Kamervragen over reclassering voor veroordeelde bedrijven

Op 27 februari 2019 heeft het Tweede Kamerlid Groothuizen (D66) aan de Minister van Justitie en Veiligheid kamervragen gesteld over 'reclassering voor veroordeelde bedrijven'.

Vraag 1

Heeft u kennisgenomen van het artikel ‘Minister positief over plan reclassering veroordeelde bedrijven’?

Vraag 2

Welke mogelijkheden heeft het openbaar ministerie (OM) op dit moment om (grote) bedrijven een verbeterprogramma te laten volgen nadat zij de fout in zijn gegaan?

Vraag 3

Kunt u een korte schets geven van de verbeterprogramma's uit Groot-Brittannië en de Verenigde Staten waarnaar het eerder genoemde artikel verwijst?

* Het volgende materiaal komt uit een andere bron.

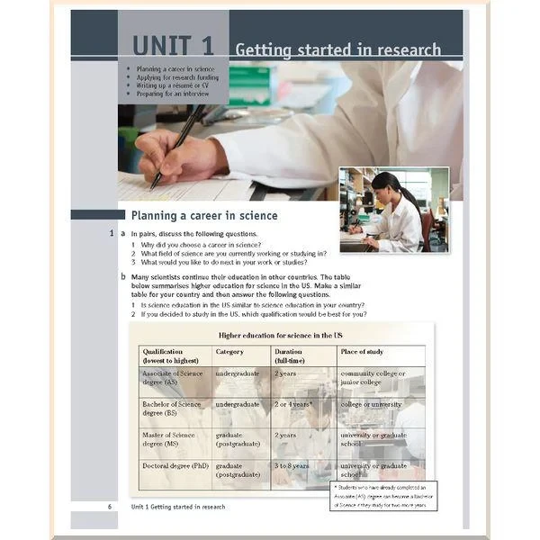 Cambridge English for Scientists розвиває комунікативні навички і спеціалізовану лексику, які дозволяють учням більш ефективно спілкуватися в робочому середовищі. Цей курс звертає особливу увагу на письмове та усне спілкування, кожен з десяти уроків заснований на реальних опублікованих дослідженнях. Це робить курс незамінним для вчених різних областей.
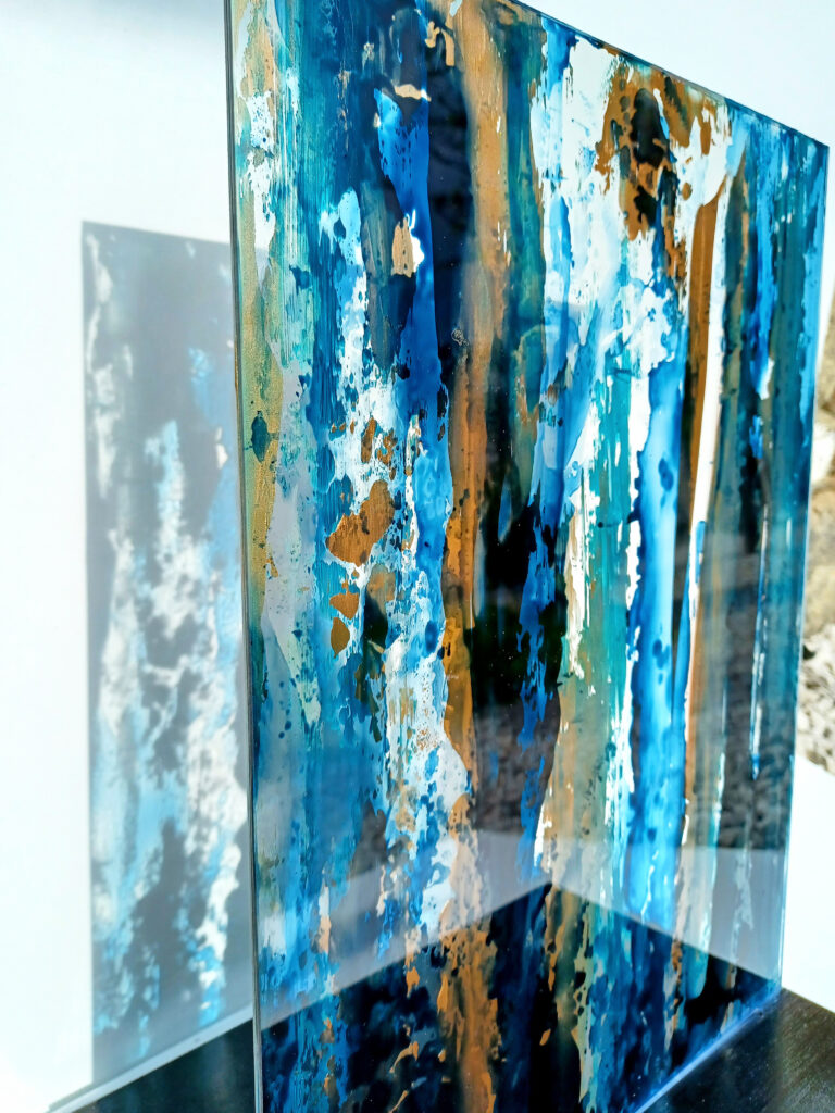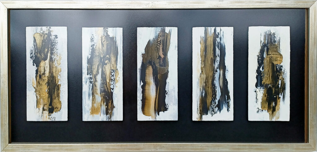 Technika: egyedi vegyes technika – plexi, arany pigment, ásványpor, fólia print, lakk, arany képkeret, üveg
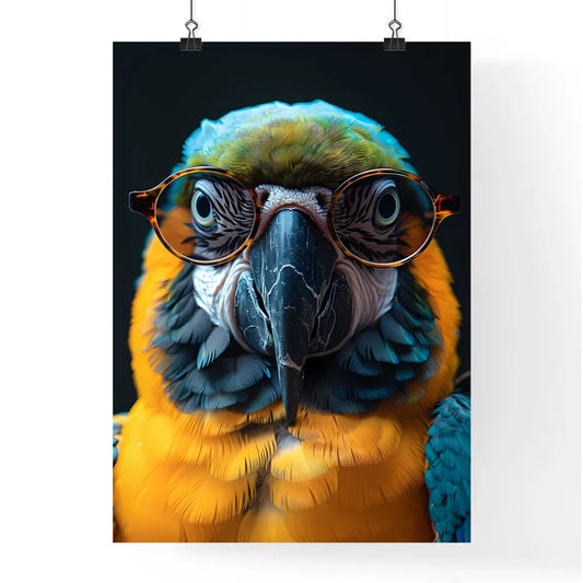 Vibrant oil painting of a colorful parrot wearing stylish sunglasses on a black background, showcasing the artist's unique style and attention to detail
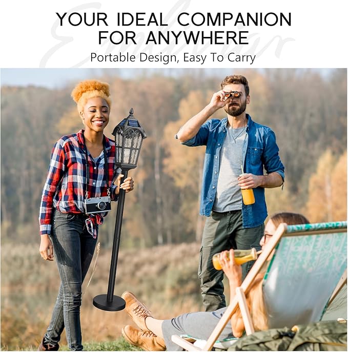 Emliviar Solar Pathway Light with Water Grain Glass Shade, 46 Inch Classic Post Lamp with Round Base in Black Finish, Portable Floor Lamp for Outdoor Travel, LED Bulb Included, YXE302PL-ML SL BK
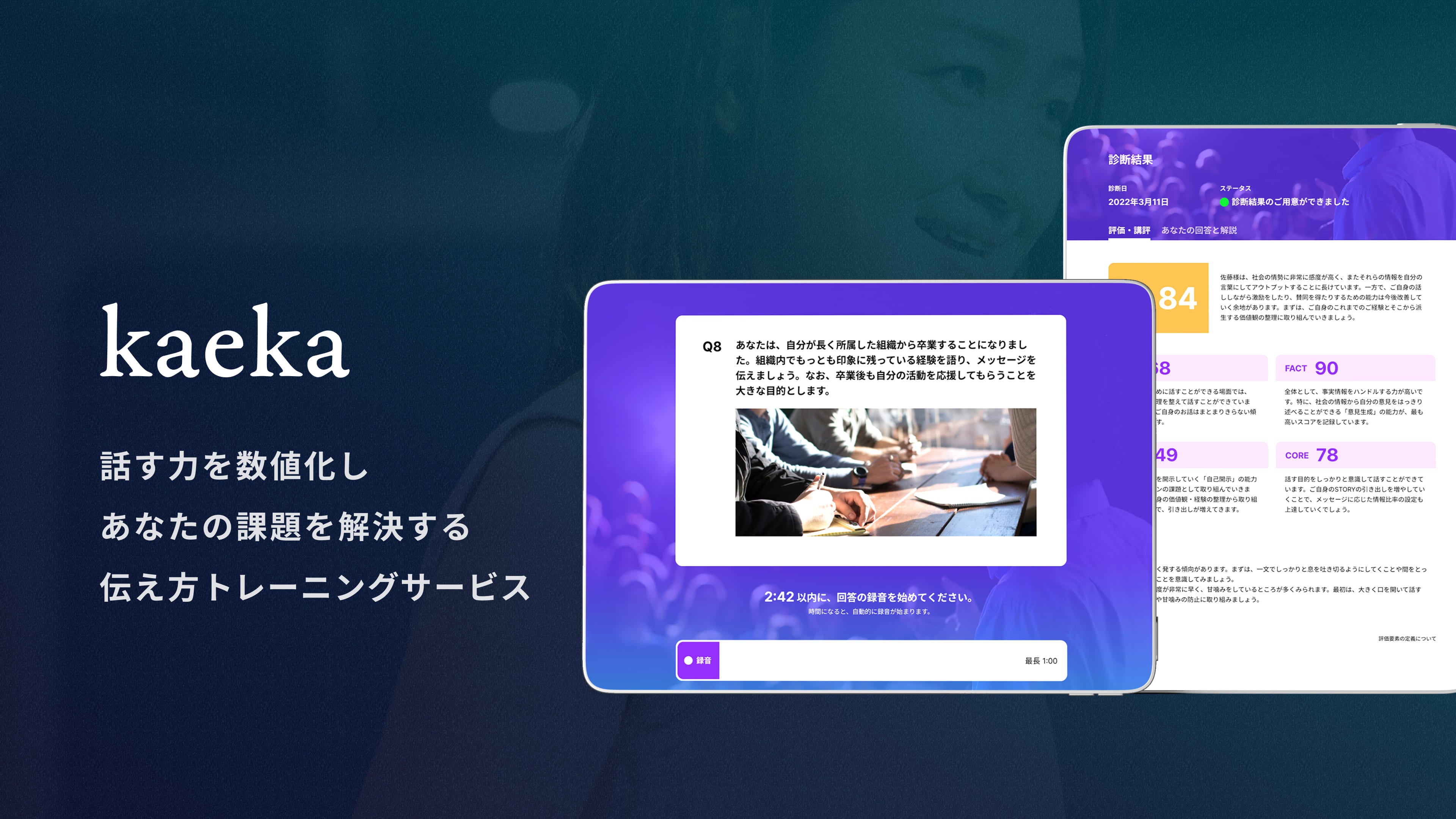 - 話す力を数値化しあなたの課題を解決する伝え方トレーニングサービス「kaeka」
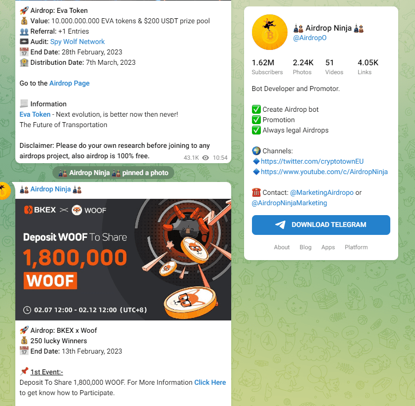 Airdrop Ninja เป็นช่อง Telegram ที่แบ่งปันข้อมูลข่าวสารล่าสุดของการ Airdrop คริปโตต่างๆ รวมไปถึงข้อมูลการเข้าร่วมการ Airdrop นั้นๆ อีกด้วย การ Airdrop นั้นคือกลยุทธ์ทางการตลาดที่บริษัทคริปโตต่างๆ จะแจกคริปโตของโปรเจกต์ของพวกเขาให้ฟรีๆ เพื่อสร้างการรับรู้ถึงโปรเจกต์นั้นๆ ในวงกว้าง โดยปกติแล้ว บริษัทหรือโปรเจกต์ต่างๆ จะขอให้ผู้ใช้งานติดตามข้อมูลข่าวสารจากโปรเจกต์คริปโตบน Twitter, ทำภารกิจต่างๆ หรือถือเหรียญจำนวนหนึ่งไว้ในกระเป๋าเงินเพื่อให้ได้รับสิทธิ์ Airdrop

Zijn er (elementen van die) verbeterprogramma's waarvan u denkt dat die ook in Nederland toegepast kunnen worden? Zo ja, welke dan en op welke manier kunnen die worden toegepast?

Vraag 4

Wat zijn uw eerste gedachten over een reclasseringssysteem voor bedrijven? In welke gevallen zouden volgens u bedrijven een verbeterprogramma moeten volgen? Uit welke onderdelen zou zo'n verbeterprogramma kunnen bestaan? Hoe worden die bedrijven begeleid en gecontroleerd? Aan welke sancties denkt u bij niet-naleving? Door welke organisatie zouden deze verbeterprogramma's moeten worden gecontroleerd?

Vraag 5

Welke rol ziet u weggelegd voor de rechter bij het opleggen van en het toezicht op een verbeterprogramma? Zie u mogelijkheden hierbij een verbinding te leggen met de rechterlijke toets op hoge transacties? Zo ja, hoe zou u dit vorm kunnen geven? Zo nee, waarom niet?

Vraag 6

Wat vindt u van de gedachte om bedrijven die zelf melden dat zij zich mogelijk schuldig hebben gemaakt aan een strafbaar feit tegemoet te komen met een lagere boete? Indien u hier positief tegenover staat, welke mogelijkheden ziet u?

Vraag 7

Wat is er besproken op de bijeenkomst georganiseerd door Rijksdienst voor Ondernemend Nederland die de heer Van Woerden in het artikel noemt?